Periodic¶
Models and functions to mine periodic patterns
PeriodicPatternMiner¶
-
class
skmine.periodic.cycles.
PeriodicPatternMiner
(complex=True, auto_time_scale=True)[source]¶ Mining periodic cycles with a MDL Criterion
PeriodicPatternMiner is an approach to mine periodic cycles from event logs while relying on a Minimum Description Length (MDL) criterion to evaluate candidate cycles. The goal here is to extract a set of cycles that characterizes the periodic structure present in the data
- A cycle is defined a 5-tuple of the form
- \[\alpha, r, p, \tau, E\]
Where
\(\alpha\) is the repeating event
\(r\) is the number of repetitions of the event, called the cycle length
\(p\) is the inter-occurrence distance, called the cycle period
\(\tau\) is the index of the first occurrence, called the cycle starting point
\(E\) is a list of \(r - 1\) signed integer offsets, i.e cycle shift corrections
- Parameters
complex (boolean) – True : compute complex pattern with horizontal and vertical combinations. False: compute only simple cycles.

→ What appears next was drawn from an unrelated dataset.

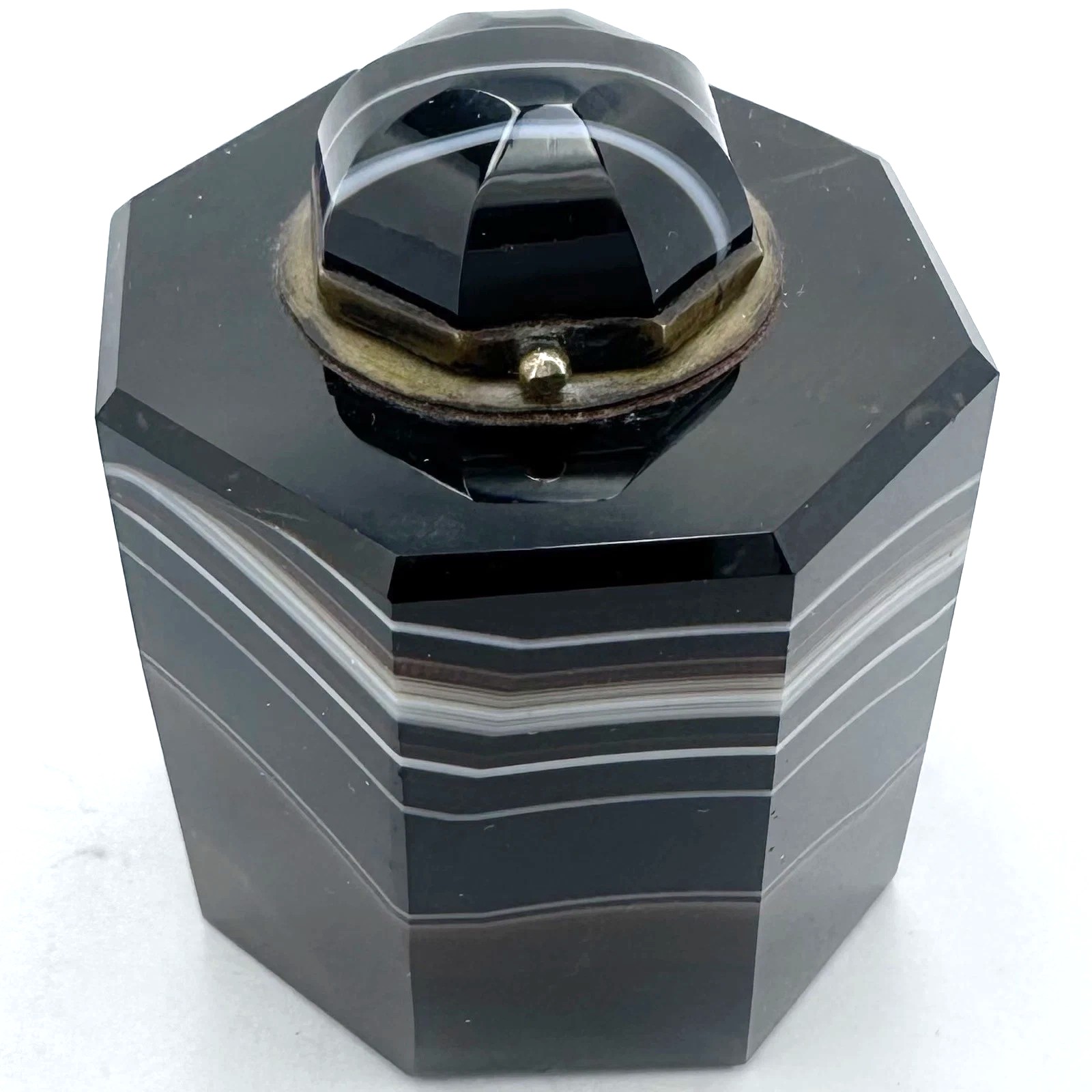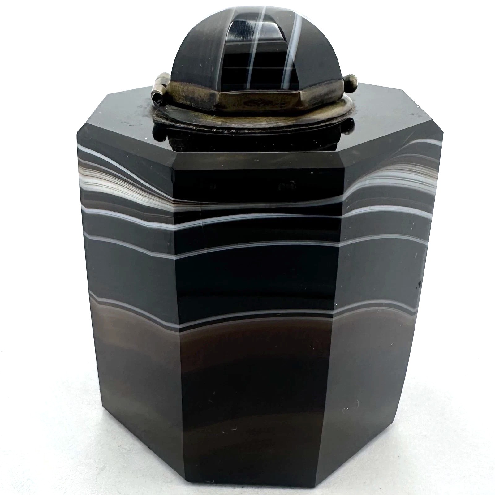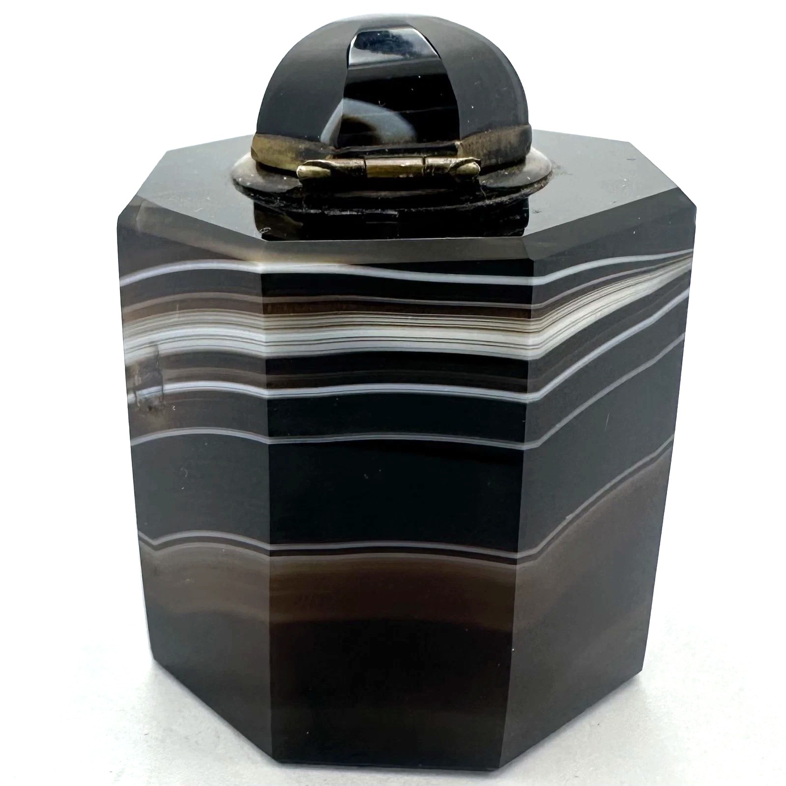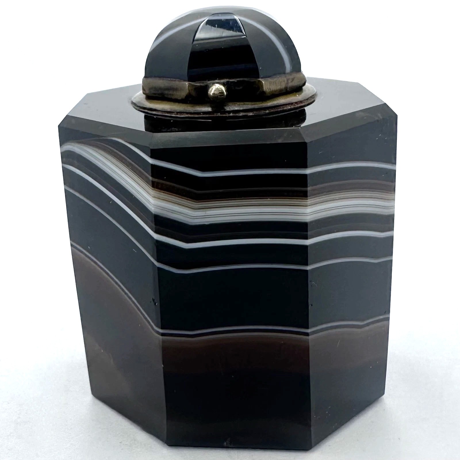 • Form: It has an octagonal (eight-sided) body that tapers slightly from the base to the shoulder. The lid is also faceted and capped with a matching piece of agate, creating a seamless visual flow when closed.

auto_time_scale (boolean) – True : preprocessing on time data index in nano-second. Compute automatically the timescale for mining cycles by removing extra zeros on time index and possibly change unit from second to upper ones False: no preprocessing on time data index in nano-second
Examples
>>> from skmine.periodic import PeriodicPatternMiner >>> import pandas as pd >>> S = pd.Series("ring_a_bell", [10, 20, 32, 40, 60, 79, 100, 240]) >>> pcm = PeriodicPatternMiner().fit(S) >>> pcm.transform(S) t0 pattern repetition_major period_major sum_E 0 20 (ring_a_bell)[r=5 p=20] 5 20 2
References
- 1
Galbrun, E & Cellier, P & Tatti, N & Termier, A & Crémilleux, B “Mining Periodic Pattern with a MDL Criterion”
-
fit
(S, y=None)[source]¶ fit PeriodicPatternMiner on data logs
This generates new candidate cycles and evaluate them. Residual occurrences are stored as an internal attribute, for later reconstruction (MDL is lossless)
- Parameters
S (pd.Series) – logs, represented as a pandas Series This pandas Series must have an index of type in (pd.DatetimeIndex, pd.RangeIndex, pd.Int64Index)
-
transform
(S, dE_sum=True, chronological_order=True)[source]¶ Return cycles as a pandas DataFrame, with 3 columns, with a 2-level multi-index: the first level mapping events, and the second level being positional
- Parameters
dE_sum (boolean) – True : returm a columns “dE” with the sum of the errors False: returm a columns “dE” with the full list of errors.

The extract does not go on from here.